The ADX is the major league. It’s where you go if you’re such a fucking menace that you cannot be effectively managed at any other institution, even the SMU. You’ll hear it called such colorful names as the “Alcatraz”, “Limbo”, or simply “Supermax”. If you like to kill people while you’re incarcerated, or a super high profile or powerful you’ll end up at the ADX.

I have interviewed a fellow prisoner who spent quite a stretch in the ADX. His insights are profound and give as much as an outsider who has never directly experienced the ADX can probably understand about the actual psychic texture of the place. He, being rightfully concerned about the potential for retaliation by the powers that be, has asked me to hold back on posting the interview until he is release from Federal Custody later this year. As soon as he is safely out the door, I will share our conversation.

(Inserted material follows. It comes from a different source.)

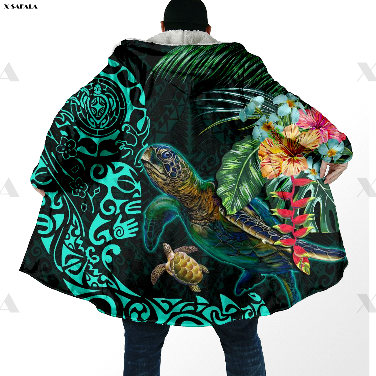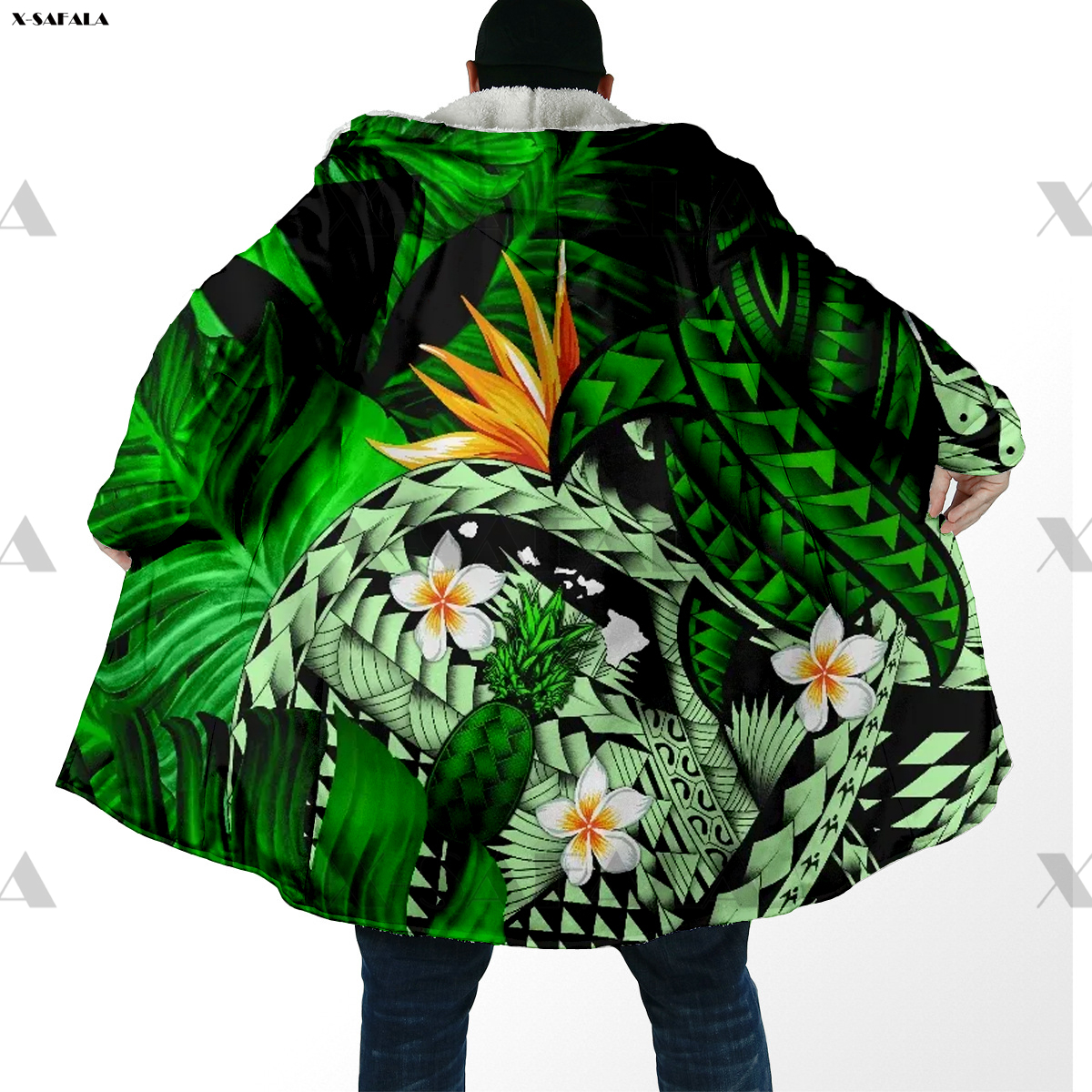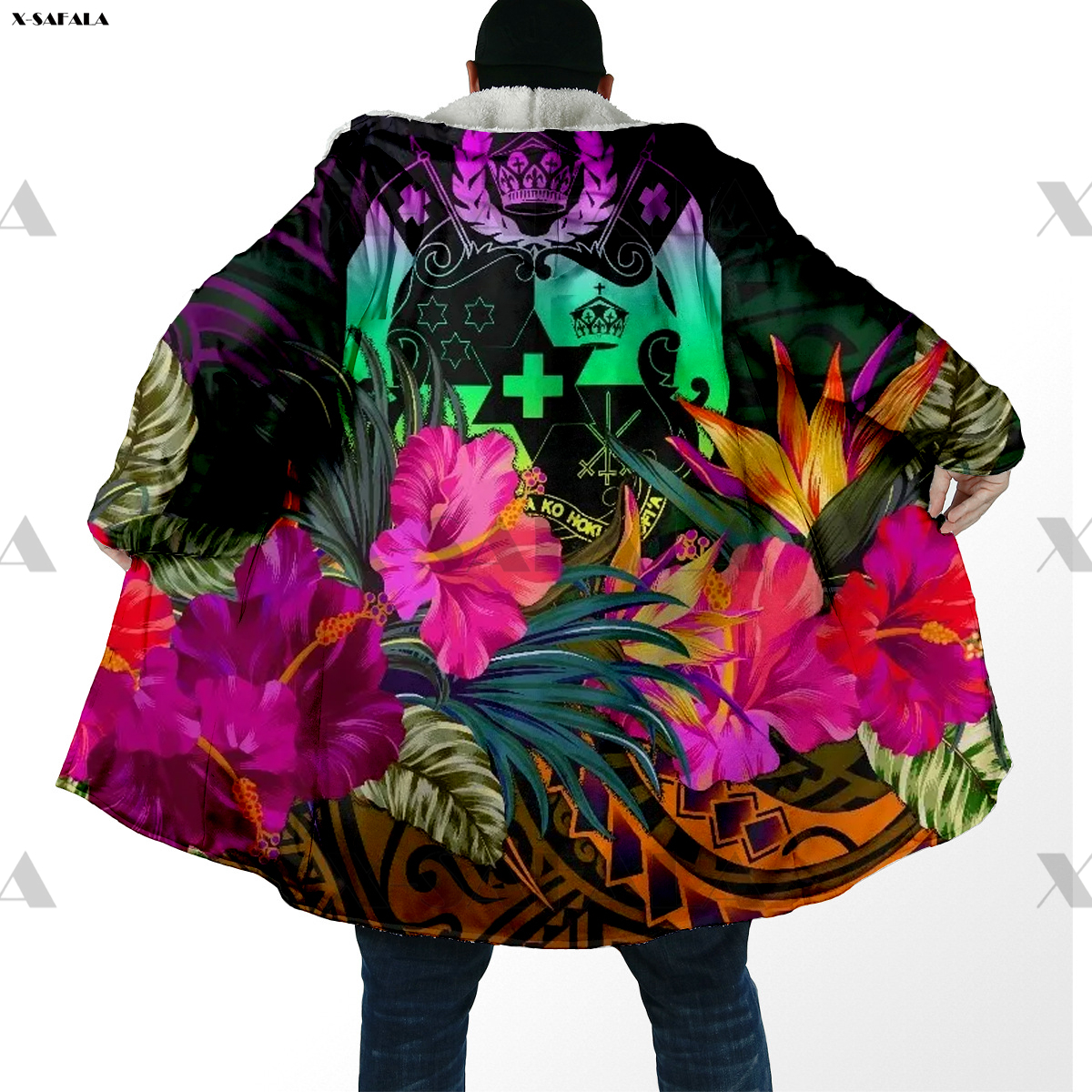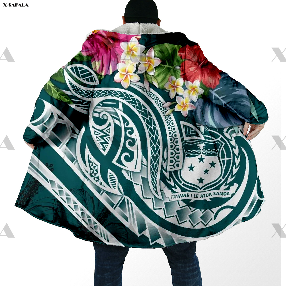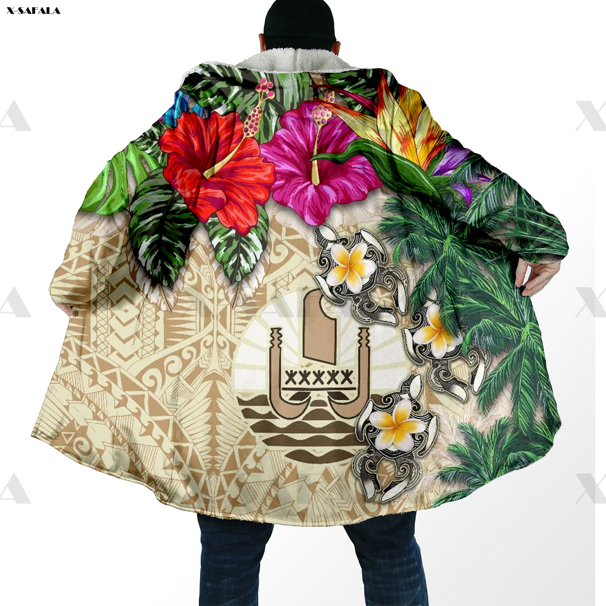 Samoa Polynesian Coconut 3D Printed Hoodie Long Coat Hooded Cloak Thick Down Jacket Outerwear Cotton Pullovers Dunnes

The different wings of the ADX are designed for prisoners with different security requirements. Each area is run in its own way, with more or less privileges, and has different standard operating procedures in place. They are as followed:

  • General Population. Located in the Delta, Echo, Fox and Golf wings. So you’ve done enough to warrant the ADX, but you aren’t ordering hits or terrorist strikes out on the street. This is where you’ll end up.

  • Intermediate/Transitory Population. Located in Joker and Kilo wing. This is for prisoners who have danced to the tune that the ADX staff wanted them to and are on the track to get back to regular prison.

  • SHU. How the fuck can a place that is essentially a big SHU, have a SHU Unit is completely beyond me.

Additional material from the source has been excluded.